We present a study of dynamics in the fibrils formed by HET-s (218–289), which is the prion-forming domain of the HET-s protein from Podospora anserina, responsible for a programmed cell death reaction, known as heterokaryon incompatibility (Glass and Kaneko 2003; Saupe 2000). HET-s (218–289) is an ideal representative for amyloid proteins, due to a high degree of local order (Siemer et al. 2006), a lack of polymorphism, and a well defined structure (Van Melckebeke et al. 2010; Wasmer et al. 2008), simplifying analysis. HET-s (218–289) is also an important model amyloid for drug design (Herrmann et al. 2015; Schütz et al. 2011). A cartoon of the HET-s (218–289) fibril structure is shown in Fig. 1. We have characterized the dynamics in HET-s (218–289) fibrils using site-specific dynamics analysis of backbone 1H–15N and 1Hα–13Cα spin pairs, including measurements of S 2, R 1, and R . A more complete discussion of the biological significance of our findings will be presented elsewhere. Here, we discuss relaxation theory with particular emphasis on importance of 13C–13C transfer in 13R 1 measurements, problems arising for measurement and calculation of R , experimental methods including choice of samples and modifications to the REDOR sequence for measurement of 1Hα–13Cα couplings, and finally data analysis with a discussion of potential pitfalls. Although our discussion is directed by particular challenges that arose when applying dynamics analysis to HET-s (218–289) fibrils, many of the conclusions are broadly applicable to the study of proteins dynamics in general by solid-state NMR.

Fig. 1
figure 1

Schematic representation of the HET-s (218–289) backbone structure in the context of amyloid fibrils (adapted from Van Melckebeke et al. 2011; Wasmer et al. 2008). Each protein monomer forms two turns of a β solenoid which are shown separately here, with the following color-code: white: hydrophobic, blue: positively charged, red: negatively charged, green: polar

Theory and practical aspects of relaxation measurements

Summary of relaxation formalism

Redfield relaxation theory (Redfield 1957) lays a widely-utilized basis for calculating relaxation parameters. In solids the relaxation-rate constants depend on the orientation of individual crystallites relative to the external magnetic field, and in fact those rates will change throughout the rotor period (Torchia and Szabo 1982). This orientation and deterministic time dependence of the relaxation-rate constants makes the data evaluation more complicated than for solution-state studies. Given the limited signal-to-noise ratio of experimental relaxation-data measurements and the limited spread of the magnitude of the rate constants due to crystallite orientations, often single-exponential decays are assumed, where the rate constant of the single exponential is approximated by the average of the rate constants (Giraud et al. 2005). The Lipari–Szabo model-free approach (Lipari and Szabo 1982), gives a simple procedure to calculate the average relaxation-rate constants from model-independent order parameters (S 2) and correlation times (τ c). In this case, (1 − S 2) is related to the amplitude of motion of the anisotropic interaction (usually dipole or CSA), although the exact physical interpretation of S 2 is not determined without specifying a model (see SI Section 1.1 for the definition of S 2 for two models).

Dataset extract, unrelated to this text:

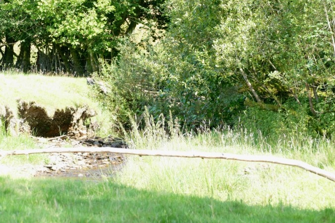 Colin explained that these are likely to be juvenile birds expanding into new territory, and that our type of upland stream probably wouldn’t support birds year round, but still a great thrill to see it, even if my photos of it as I whizzed round give just a brief impressionistic flash of blue. Much later after scanning several times the 6 images I’d taken in 2 bursts on the camera as it flashed away from me, with explosive white droppings left in a trail, I could make out it had actually settled on a perch beneath the willow branches…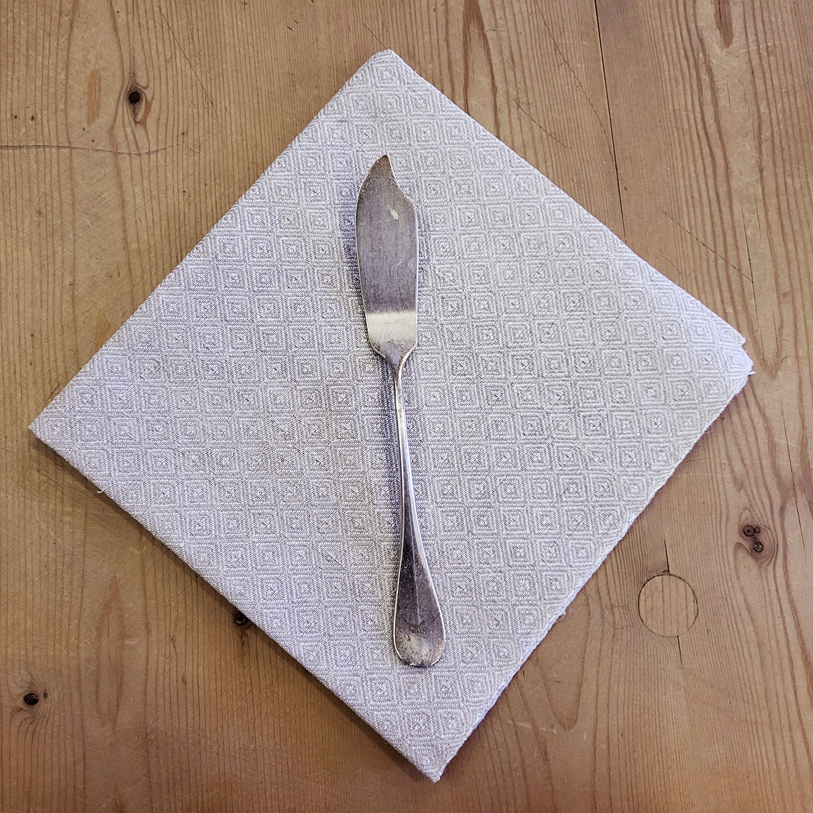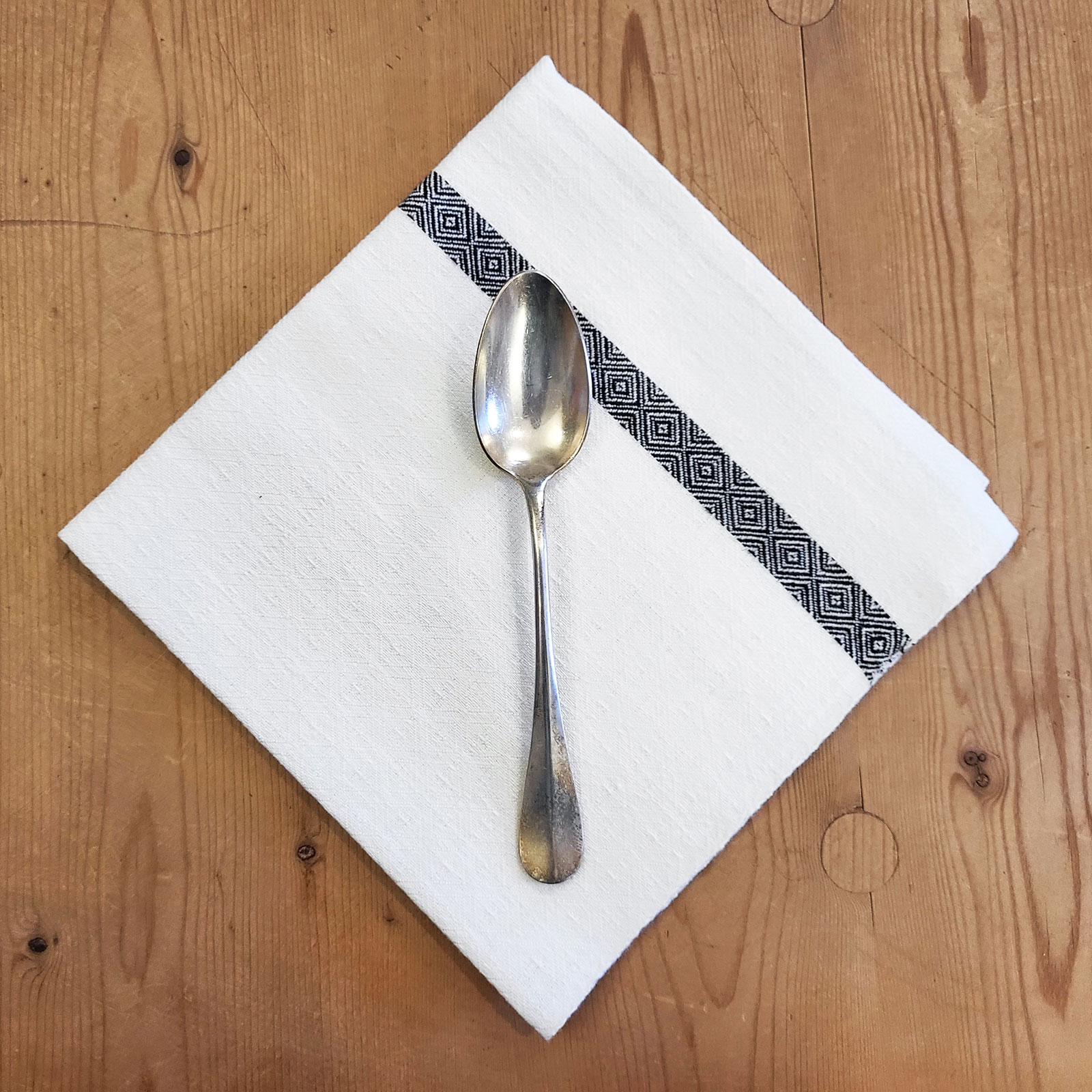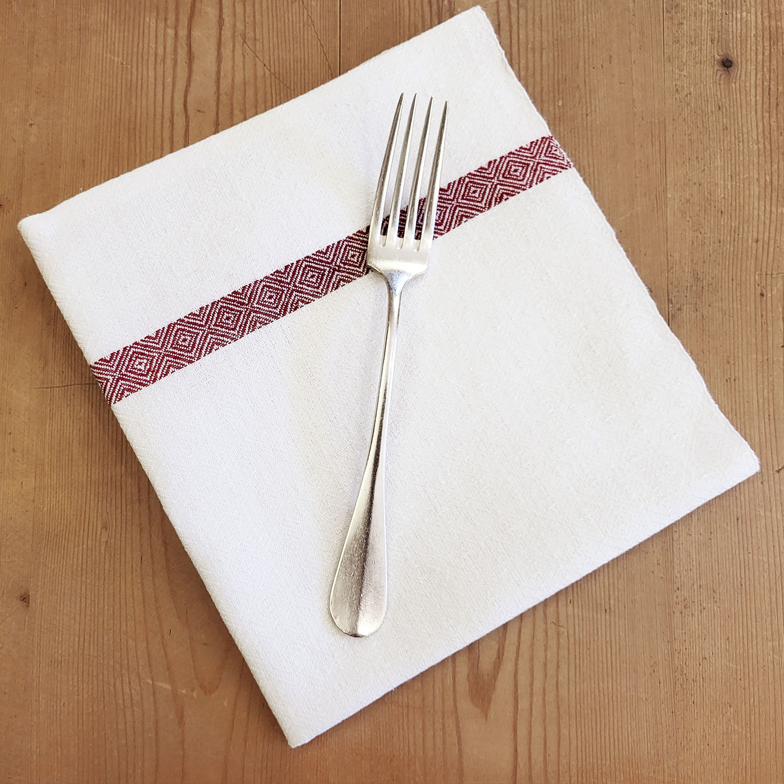 Raffinato tovagliolo in puro lino con motivo a Occhio di pernice.

The extended model-free approach (Clore et al. 1990) gives the spectral-density function for two motions, one fast and one slow, characterized by \(S_{\text{f}}^{2}\), τ f and \(S_{\text{s}}^{2}\)τ s, respectively, as

$$J(\omega ) = \frac{2}{5}\left( {1 - S_{\text{f}}^{2} } \right)\frac{{\tau_{\text{f}} }}{{1 + (\omega \tau_{\text{f}} )^{2} }} + \frac{2}{5}S_{\text{f}}^{2} \left( {1 - S_{\text{s}}^{2} } \right)\frac{{\tau_{\text{s}} }}{{1 + (\omega \tau_{\text{s}} )^{2} }}.$$
(1)

The effects of the two motions are cumulative, but the contributions of the slow motion are scaled by the presence of the fast motion. Here, we have assumed that the two correlation times are separated by at least one order of magnitude so that the calculation of an effective correlation time for the fast motion is not required. From the spectral density, one can calculate R 1 relaxation-rate constants of spin I induced by fluctuation of a dipolar coupling as

$$R_{1}^{\text{IS}} = \left( {\frac{{\delta^{\text{IS}} }}{4}} \right)^{2} \left( {J(\omega_{I} - \omega_{S} ) + 3J(\omega_{I} ) + 6J(\omega_{I} + \omega_{S} )} \right)$$
(2)

where \(\delta^{\text{IS}} = - 2\frac{{\mu_{0} }}{4\pi }\frac{{\gamma_{I} \gamma_{S} \hbar }}{{r_{\rm IS}^{3} }}\) is the anisotropy of the dipolar-coupling tensor, and ω Ι and ω S are the nuclear Larmor frequencies. The R 1 relaxation of spin I induced by a chemical-shift anisotropy (ω I σ zz = 2Δσ/3) is given by

$$R_{1}^{\text{CSA}} = \frac{3}{4}\left( {\omega_{I} \sigma_{zz} } \right)^{2} J(\omega_{I} ).$$
(3)

The total R 1 relaxation-rate constant is then given by the sum

$$R_{1} = R_{1}^{\text{IS}} + R_{1}^{\text{CSA}} .$$
(4)

Similarly, it is possible to calculate expressions for R , while accounting for the effects of both MAS and the applied RF field (Haeberlen and Waugh 1969; Kurbanov et al. 2011) using

$$R_{1\rho }^{\text{IS}} = \frac{1}{2}R_{1}^{\text{IS}} + \left( {\frac{{\delta^{\text{IS}} }}{4}} \right)^{2} \left( {3J(\omega_{S} ) + \frac{1}{3}J(\omega_{1} - 2\omega_{\text{r}} ) + \frac{2}{3}J(\omega_{1} - \omega_{\text{r}} ) + \frac{2}{3}J(\omega_{1} + \omega_{\text{r}} ) + \frac{1}{3}J(\omega_{1} + 2\omega_{\text{r}} )} \right),$$
(5)
$$R_{1\rho }^{\text{CSA}} = \frac{1}{2}R_{1}^{\text{CSA}} + \frac{1}{6}\left( {\omega_{\text{I}} \sigma_{zz} } \right)^{2} \left( {\frac{1}{2}J(\omega_{1} - 2\omega_{\text{r}} ) + J(\omega_{1} - \omega_{\text{r}} ) + J(\omega_{1} + \omega_{\text{r}} ) + \frac{1}{2}J(\omega_{1} + 2\omega_{\text{r}} )} \right),$$
(6)
$$R_{1\rho } = R_{1\rho }^{\text{IS}} + R_{1\rho }^{\text{CSA}} .$$
(7)

Here, ω r and ω 1 are the MAS frequency and RF field strength (nutation frequency) applied to the I spin, respectively, assuming that RF irradiation is applied on-resonance. Note that we will discuss the validity of the R equations in “Transverse relaxation (R ) and the violation of the Redfield approximation” section.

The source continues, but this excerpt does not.